Step 3: Make the required response obvious.
For the feedback loop to be effective, the data needs to be easily digestible while making the desired response obvious. Start by standardizing the way you want your team to execute on each CRISP metric.
For instance, set the expectation to eliminate sending callers to voicemails to improve your connection rates and limit the number of stranded callers. Additionally, measure your team’s outbound pursue efforts based on the number of live conversations versus merely measuring call quota.
Another great way to make the response obvious is to identify missed opportunities then formalize the actions that should be taken to salvage those mishandled leads. A simple way to accomplish this is by listening to phone calls and alerting your manager each time a customer calls in asking about inventory but isn’t invited into the dealership. Hold your manager accountable to pursuing that hot lead by the customer back and inviting them into the dealership for a test drive.
Getting into the habit of pursuing missed opportunities will automatically land you with more revenue opportunities. You don’t even have to spend an extra dime on marketing, just do more with the leads you are already getting. By establishing CRISP standards for phone behavior you can foster habitual responses that drive a thriving phone culture.
Step 4: Form new habits.
The constant serving of meaningful data is the key and framing it in the right context will be the trigger to change behavior. Let’s consider a simple neuroscience hack to maximize this concept.
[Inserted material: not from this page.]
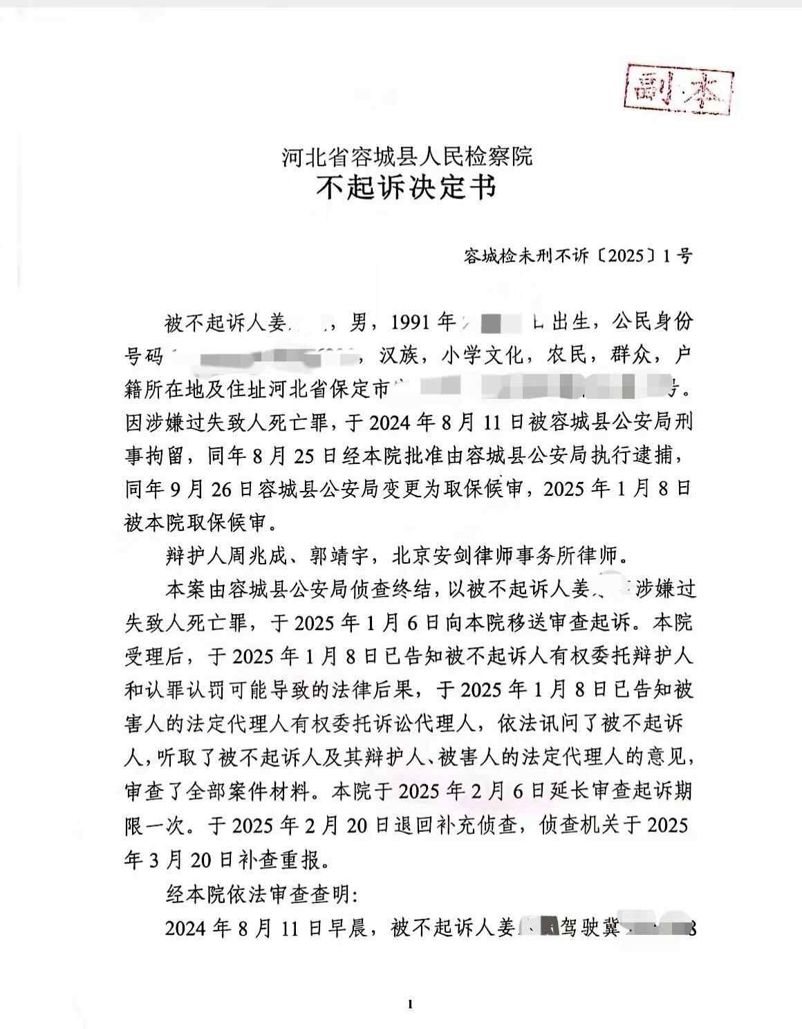 记者看到,《不起诉决定书》上显示,被不起诉人姜某,1991年出生,因涉嫌过失致人死亡罪,于2024年8月11日被容城县公安局刑事拘留,同年8月25日经该院批准由容城县公安局执行逮捕,同年9月26日容城县公安局变更为取保候审,2025年1月8日被该院取保候审。

We, as humans, are hilariously self-centered. We love our own name and our own face. Studies have continually shown that the brain lights up when we hear or see our own name or face. We give it more attention and more value.
Want to drive motivated performance? Start associating phone skills performance with each sales agent’s name and face then display that reporting around the dealership. Take it a step further and highlight above and below the line performers in daily sales meetings.
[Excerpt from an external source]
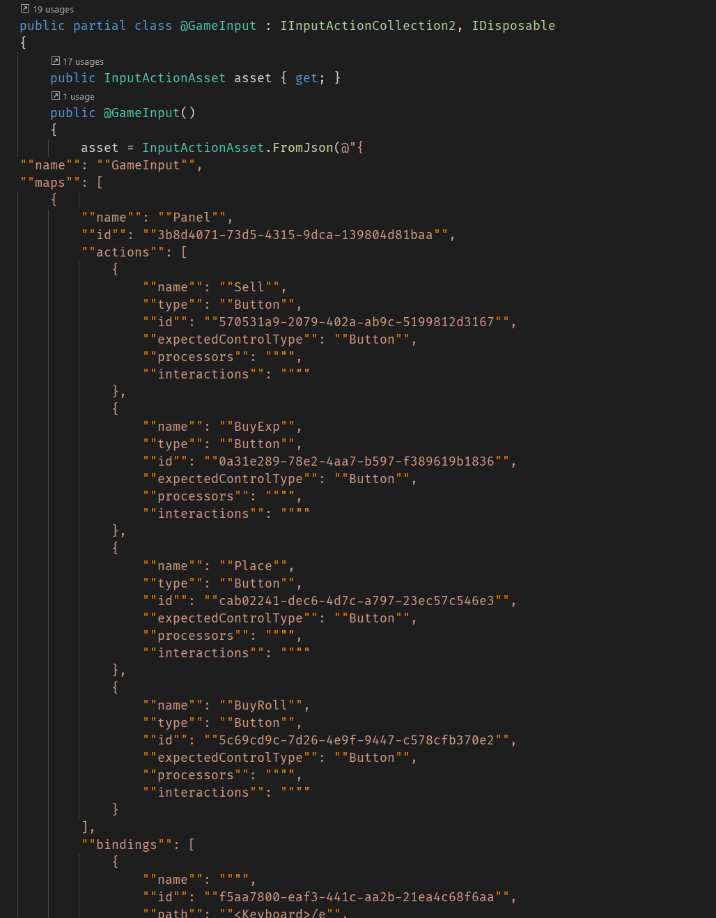 자동생성된 클래스인 GameInput을 살펴보면 하드코딩된 Json으로 부터 설정을 불러온다.

If you want to get more leads through the door, establish a goal of how many firm appointments each sales agent needs to set per day. It’s basic logic: more set appointments, more customers will walk through the door. Display how well your team either exceeds or falls short in meeting their appointment request numbers so they can measure where they rank against their peers. Then wait and see how their performance will change.
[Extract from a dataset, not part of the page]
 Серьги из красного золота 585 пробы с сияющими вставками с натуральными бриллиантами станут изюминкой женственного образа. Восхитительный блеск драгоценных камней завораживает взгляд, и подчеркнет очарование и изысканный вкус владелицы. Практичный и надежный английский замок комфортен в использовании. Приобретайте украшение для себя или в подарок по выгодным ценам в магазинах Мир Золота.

CRISP + Feedback Loop = Successful Phone Management
It’s not about adding new tips and tricks. CRISP simply lays out what your sales guys should be doing already. Your team is likely attempting to execute one or all of the CRISP metrics to some degree every day to meet the bare minimum of their job. But, right now, you are struggling to know how badly or how CRISP your team is with every revenue opportunity that calls in.
The struggle comes down the fact that you may have an ineffective speed trap set up for your phone management today, but that doesn’t mean you can’t change effectiveness of your feedback loop tomorrow.
Enforce CRISP through an effective feedback loop and you will see how motivated performance can permanently change the phone culture at your dealership for the better.